After Genesis one briefly records six days of creation, chapter two backs up to emphasize the significance of God’s creation of humans. What essential truths can we learn about ourselves from the creation of the first two people?
Have you ever told someone, “I must have missed the first part of your story. I don’t understand”? Without a context most stories lose meaning. So it is with the story of humanity. Ignorance of our beginning breeds confusion and purposelessness. Even the drama of salvation by grace makes sense only in light of history’s opening act.
Mainstream science tells a different origins story. But at least one leading biochemist admits that, “At present all discussions on principle theories and experiments in the field” concerning the problem of the origin of life, “either end in a stalemate or in a confession of ignorance.”[i] In reality, Scripture and nature say the same thing. We don’t always see how they harmonize. We might misinterpret scientific data or misunderstand Scripture. But our first allegiance is to the Bible through which God communicates “more openly.”[ii]

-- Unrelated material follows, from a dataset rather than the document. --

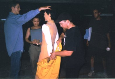 Hey Teen Gang- Last weekend's shoot went fine even with the 100 degree heat, 100% humidity and the heavy costumes we were all wearing. We shot all day in a parking garage that will remain nameless and no police came even with the weird looking goons running about, splattered blood and dummy tossing. Check out the behind-the-scene pictures in the meantime and pleeze buzz Kent or me if you've got any questions. Your pal-Alvin |

The biblical story of the world opens with the eternal, triune God creating all things. He truly created; by his mere word he made everything from nothing (Heb. 11:3). He didn’t need to; he is perfectly sufficient. But he made a world to witness and proclaim “the glory of his eternal power, wisdom, and goodness.” Everything owes its allegiance to the loving and just Creator. Every Christian must believe that the Father, Son, and Holy Spirit made the heavens and the earth.
After Genesis one briefly records six days of creation, chapter two backs up to emphasize the significance of God’s creation of humans. What essential truths can we learn about ourselves from the creation of the first two people?
Humans Are Male and Female
In our post-Christian age amid the emergence of a new paganism gender has become ground-zero in worldview battles. “Today’s revolution in theology is not over the doctrine of justification by faith alone, but over sexual identity.”[iii] Why is sexuality so contested today? Because maleness and femaleness, as both biological and biblical reality, tell us who we are and how we should live. We want to define ourselves. But God already has.
Gender is basic to who we are. When asked about divorce Jesus could have simply quoted Genesis 2:24, “Therefore a man shall leave his father and his mother and hold fast to his wife, and they shall become one flesh.” But he backed up further: “He who created them from the beginning made them male and female” (Matt. 19:4; cf. Gen. 1:27). Marriage is not simply the commitment of two people, but the exclusive union of the two complementary parts of God’s image. In Scripture’s first seven chapters “male and female” occurs six times; gender is binary by design. The animals brought onto the ark had to “be male and female” (Gen. 6:19) or they would go extinct.